Report the number of lines of the listing below containing the string "entre", with nothing added.
[MATERIAL TO PROCESS — start]
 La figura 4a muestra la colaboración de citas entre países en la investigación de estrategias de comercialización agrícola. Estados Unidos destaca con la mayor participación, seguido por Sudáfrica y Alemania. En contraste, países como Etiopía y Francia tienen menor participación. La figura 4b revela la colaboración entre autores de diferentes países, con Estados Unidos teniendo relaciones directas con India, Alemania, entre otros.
[MATERIAL TO PROCESS — finish]
[MATERIAL TO PROCESS — start]
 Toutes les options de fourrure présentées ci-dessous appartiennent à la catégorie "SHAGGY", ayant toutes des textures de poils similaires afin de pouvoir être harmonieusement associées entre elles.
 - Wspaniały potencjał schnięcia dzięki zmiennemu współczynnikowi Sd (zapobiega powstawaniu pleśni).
[MATERIAL TO PROCESS — finish]
**EXERCISE OUTPUT**: 2